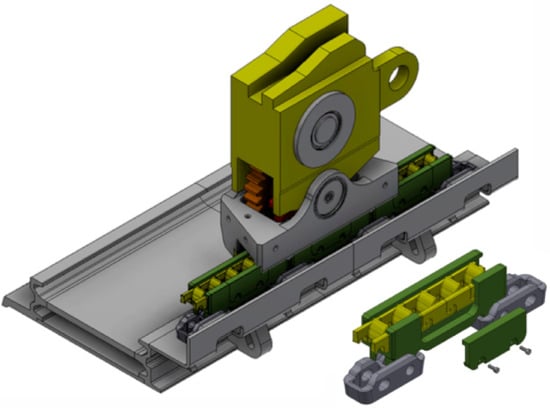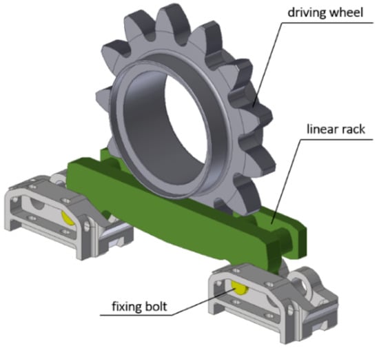 The stringless haulage mechanism with two driving wheels known as Eicotrack 2 BP, the model of which is shown in Figure 1 [,,], is the most commonly used system in underground coal mines. In this system, the shearer is moved due to the cooperation of track wheels, located vertically in the shearer movers, with the Eicotrack linear rack installed horizontally in the spill-plate. The linear rack segment used in this system consists of two longitudinal bars, inseparably connected with six pins, creating a rigid body.
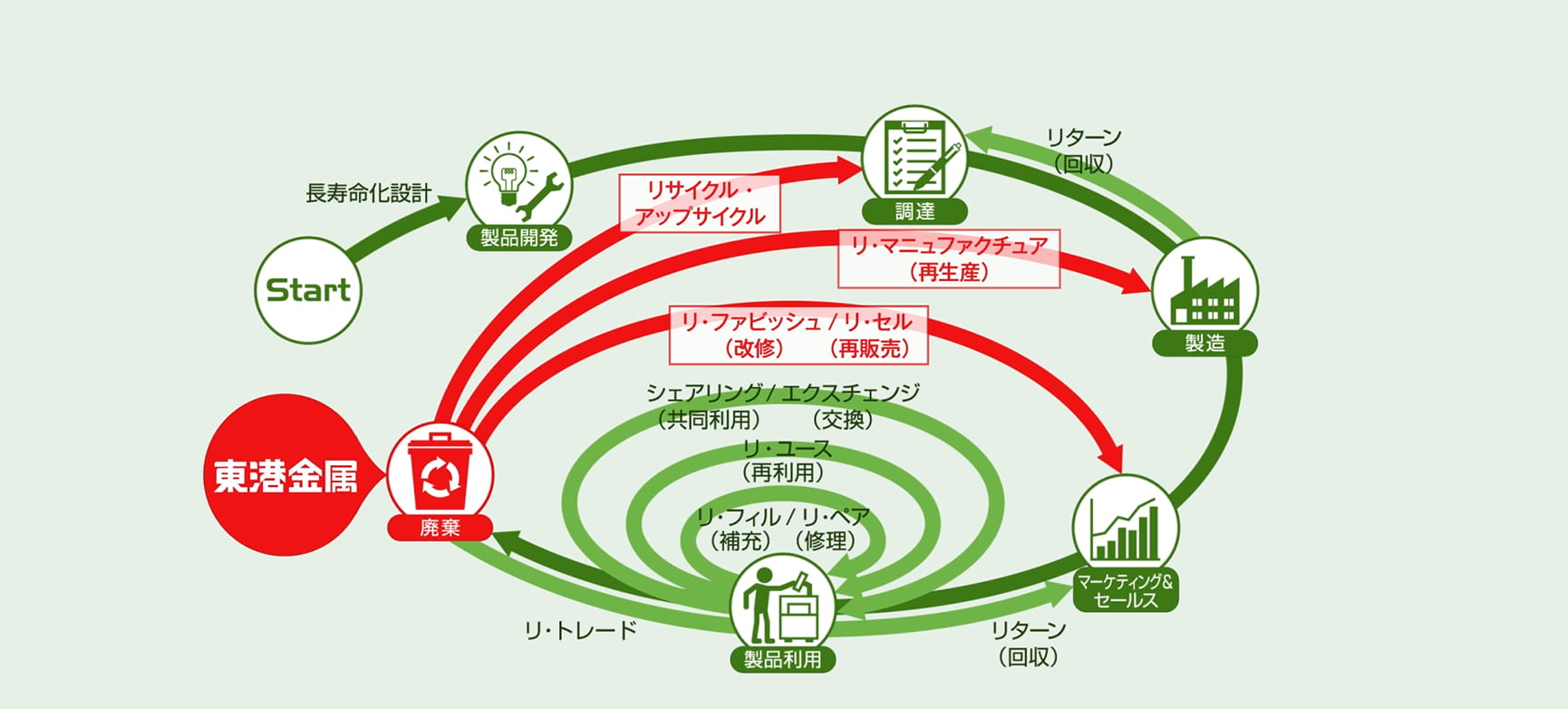 従来のリサイクル事業のみならず、リユース、リメイク、リビルド、リマニファクチャリングなどあらゆるループを推進する。
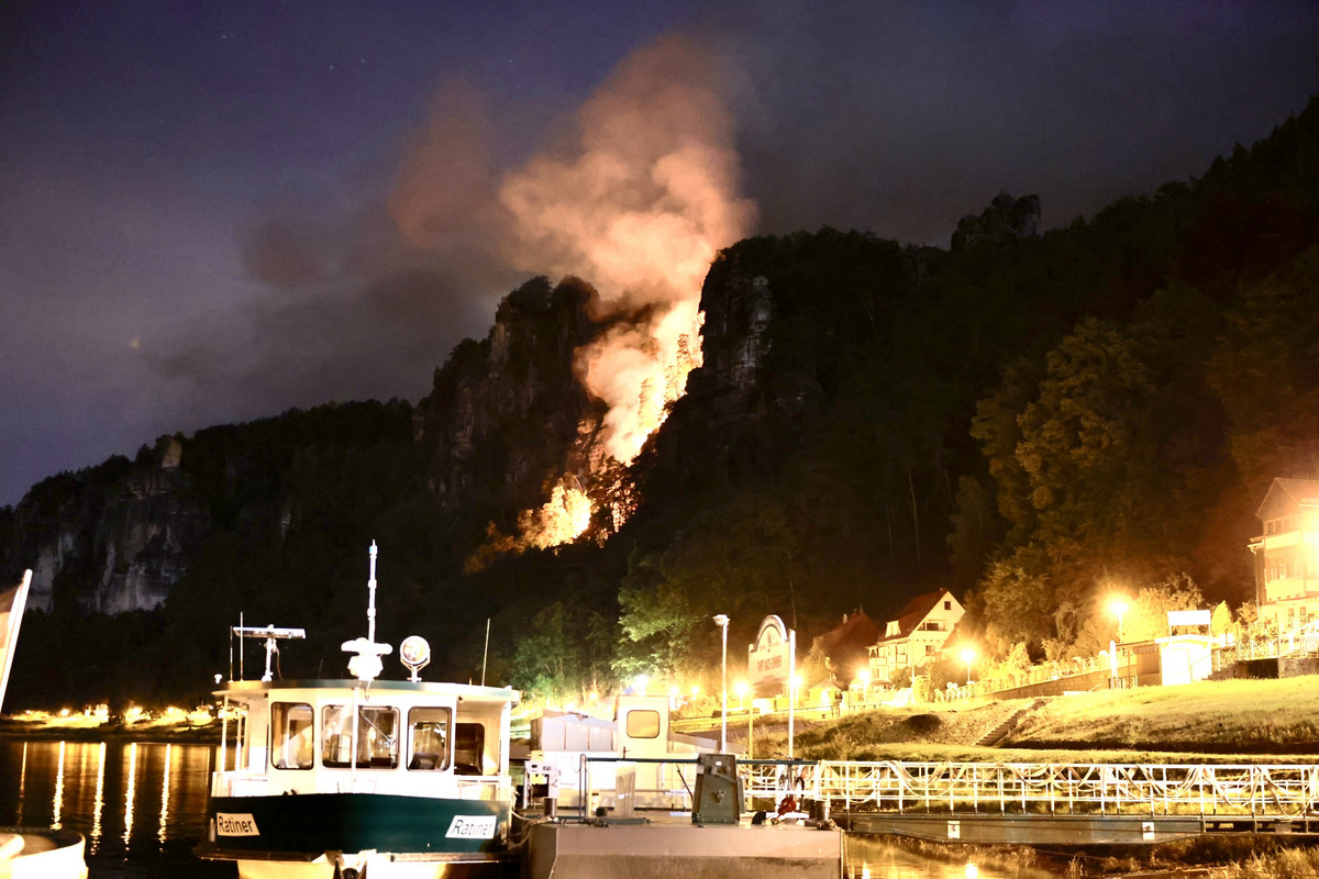 Das Feuer war in der Nacht zu Montag unterhalb der Basteibrücke ausgebrochen und hatte auf einer Fläche von 2.500 Quadratmetern gewütet. Mehr als 100 Feuerwehrleute waren im Einsatz. Die Arbeiten waren sehr schwierig, weil es an einem Steilhang mit 190 Meter Höhenunterschied brannte. Großteils mussten sich die Einsatzkräfte mit Seilen absichern.

» **Task instructions**
Write out, please, the lines of the listing above from the one with "従来のリサイクル事業のみなら" through the very last, exactly as given and with no pictures.

» **Output of the task**
 従来のリサイクル事業のみならず、リユース、リメイク、リビルド、リマニファクチャリングなどあらゆるループを推進する。
 Das Feuer war in der Nacht zu Montag unterhalb der Basteibrücke ausgebrochen und hatte auf einer Fläche von 2.500 Quadratmetern gewütet. Mehr als 100 Feuerwehrleute waren im Einsatz. Die Arbeiten waren sehr schwierig, weil es an einem Steilhang mit 190 Meter Höhenunterschied brannte. Großteils mussten sich die Einsatzkräfte mit Seilen absichern.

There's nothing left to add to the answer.